## Task details
Reproduce the listing that follows in full. Omit its images.

## Given data

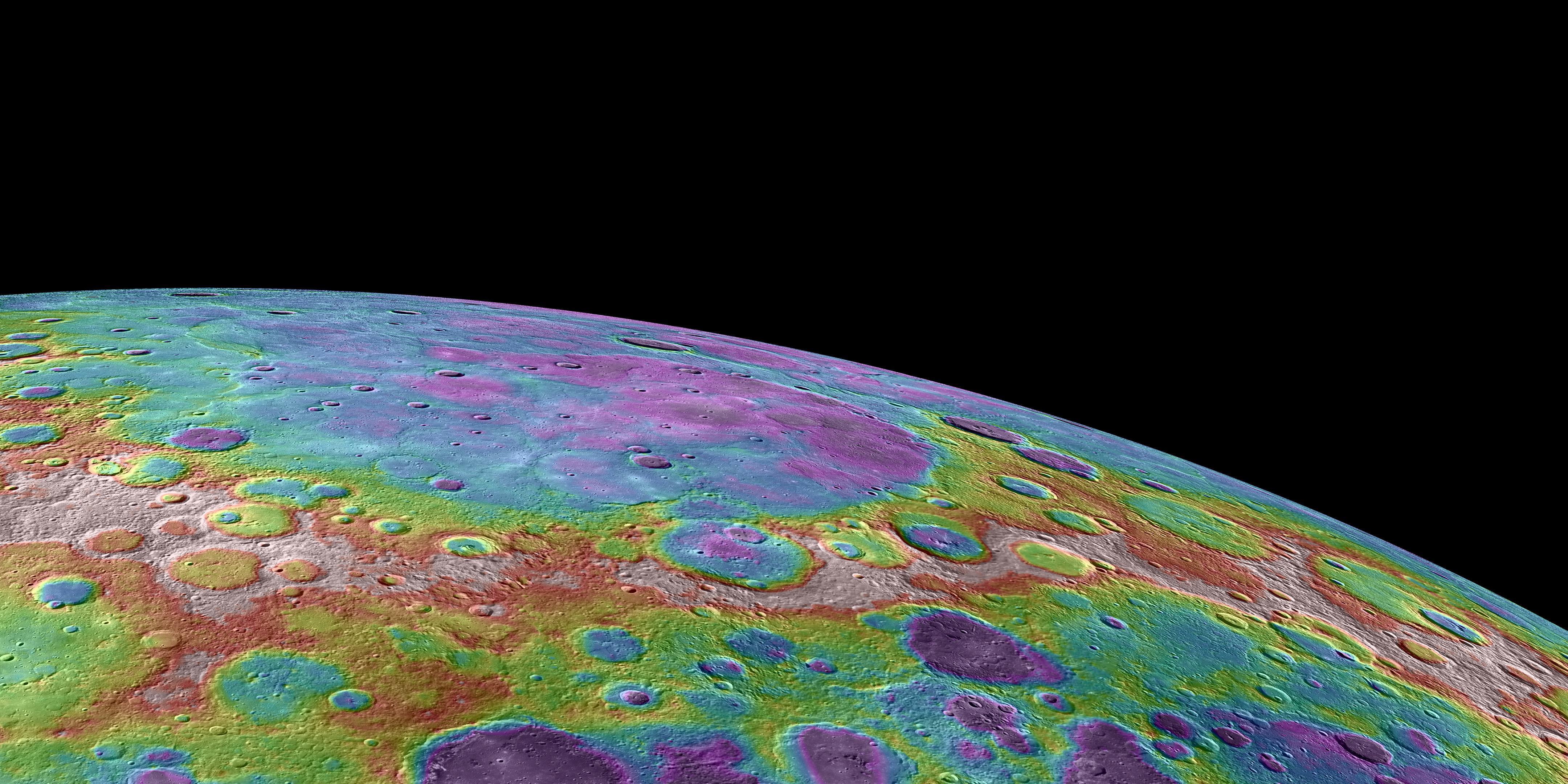 This image shows a perspective view, looking towards Mercury's north and colorized by the topographic height of the surface. The purple colors are the lowest and white is the highest. As shown in this previous release, the total dynamical range of the height variation measured on Mercury is roughly 10 km. The craters Rubens and Monteverdi, with diameters of 159 km and 134 km respectively, are located near the middle of this view. Mercury's expansive northern plains, extending off the upper limb of the planet in this image, have a lower height relative to the neighboring surface.
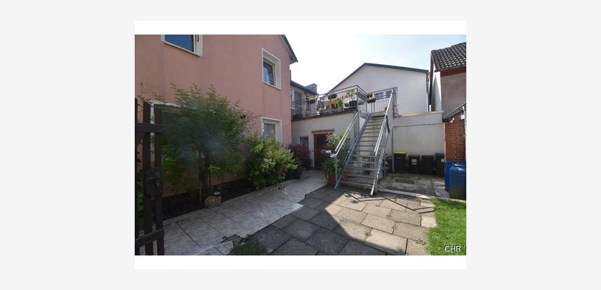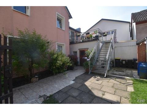 Die Wohnung im Obergeschoss ist ebenfalls über den kleinen gepflegten Garten, hier über eine Aussenstahltreppe, zu Erreichen.
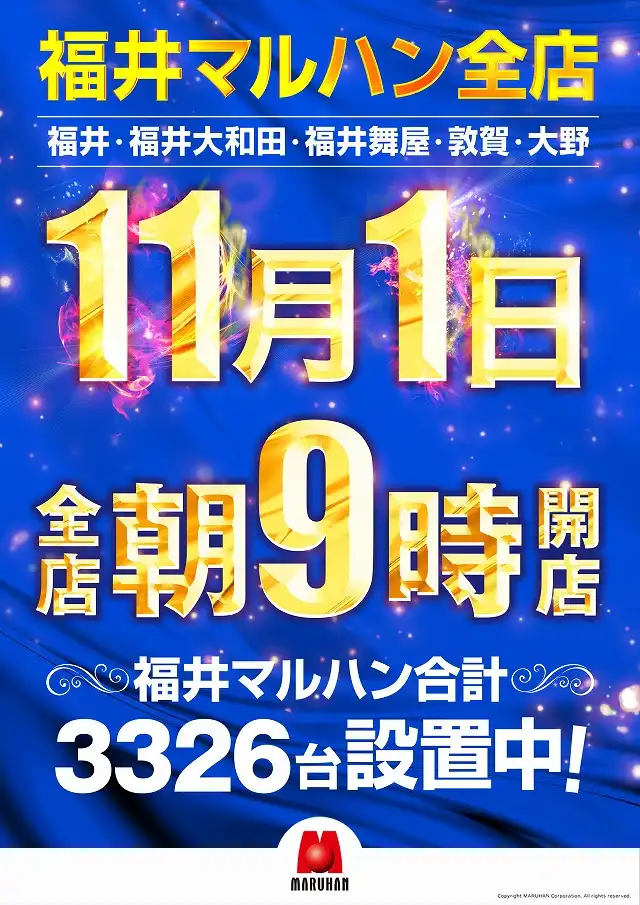 福井市マルハン合同新台入替:1月23日【月】あさ9時開店!!
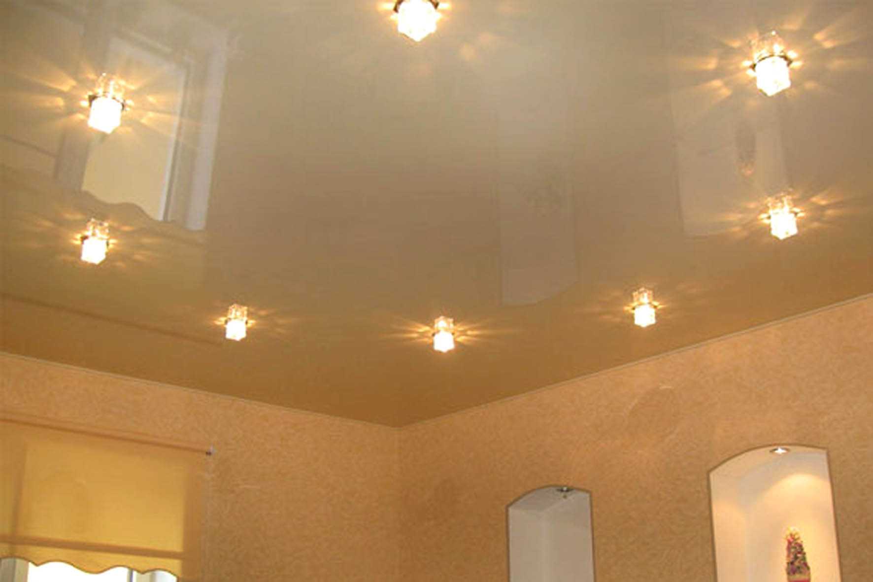 - При установке натяжных потолков существуют определенные требования к источникам освещения. Нельзя использовать слишком яркие и мощные лампы: от постоянного нагрева некоторые типы потолков деформируются и меняют цвет. Мощность обычных ламп должна быть менее 60 Вт, галогенных — менее 25 Вт.

## Expected output
 This image shows a perspective view, looking towards Mercury's north and colorized by the topographic height of the surface. The purple colors are the lowest and white is the highest. As shown in this previous release, the total dynamical range of the height variation measured on Mercury is roughly 10 km. The craters Rubens and Monteverdi, with diameters of 159 km and 134 km respectively, are located near the middle of this view. Mercury's expansive northern plains, extending off the upper limb of the planet in this image, have a lower height relative to the neighboring surface.
 Die Wohnung im Obergeschoss ist ebenfalls über den kleinen gepflegten Garten, hier über eine Aussenstahltreppe, zu Erreichen.
 福井市マルハン合同新台入替:1月23日【月】あさ9時開店!!
 - При установке натяжных потолков существуют определенные требования к источникам освещения. Нельзя использовать слишком яркие и мощные лампы: от постоянного нагрева некоторые типы потолков деформируются и меняют цвет. Мощность обычных ламп должна быть менее 60 Вт, галогенных — менее 25 Вт.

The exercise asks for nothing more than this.